Bastion Horská 1751/4, 120 00, Praha 2
He created the dwarfs in 1985 for the H. Hůlov Brothers Gallery on their farm in Kostelec nad Černými lesy. The unofficial event was a success and Kurt decided to repeat it in the capital on an official basis at the beginning of perestroika. Not that he longed for artistic satisfaction, let alone fame or money. He was simply annoyed that if artistic ballast, considered art by the cultural strategists, could be presented in public, why couldn't something worthwhile be exhibited at least occasionally... Sculptures of so-called drones, in which the artist addresses his lifelong interest in the human figure. By completely reducing the figure to a lapidary shape, he has achieved a very impressive and, typically for him, humorous, even grotesque result.
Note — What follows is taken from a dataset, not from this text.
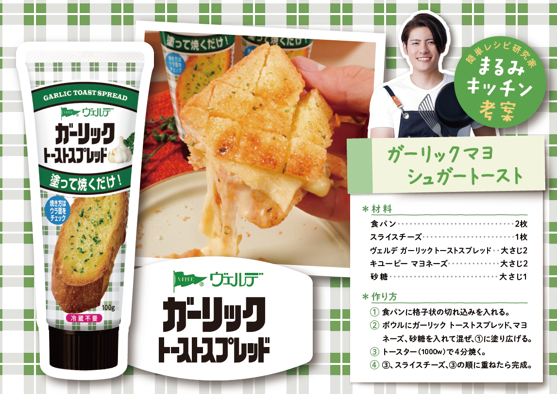 アヲハタ株式会社(本社:広島県竹原市、代表取締役社長:上田敏哉、以下アヲハタ)は、2025年11月10日(月)から11月25日(火)正午まで、パンに塗って焼くだけで手軽に本格的なトーストメニューが楽しめる「ヴェルデ トーストスプレッド」全7種セットが当たるキャンペーンをアヲハタX公式アカウント(@aohata_official)で実施します。簡単レシピ研究家のまるみキッチンさんが考案した、「ガーリックマヨシュガートースト」「チーズシュガートースト」は、食欲の秋にぴったりな誘惑のトーストメニューです。どちらか食べたいトーストを選んで、ぜひご参加ください。

The sculpture of Trubkouna was made according to the author's precise instructions by the private company for the production of containers Eurointermetall s. r. o. Lucie and Dalibor Kamensky in Rýmařov, who kindly lent the sculpture. (They also made, for example, the sculptures of flowers by Stanislav Diviš, which were on display at his exhibition in Kutná Hora last year.) Large heads or other heads á la bulb is a long-standing theme of Kurt's. The human head is a mysterious object, it can glow with ideas, goodness and can be concreted with stupidity and aggression. And so by looking at them we can meditate on what we are. Heads as non-portraits of all kinds have been perpetrated since at least the mid-1970s. Four two-meter ones were at Jan Palach Square in 2011, at the National Technical Library in 2013, and at the Landscape Festival in Prague. In 2016 in České Budějovice, drunks smashed some of the Headers. Now there is one here. But it's only in our heads. The event is held under the auspices of the Mayor of Prague 2 Ing. Alexandra Udženija.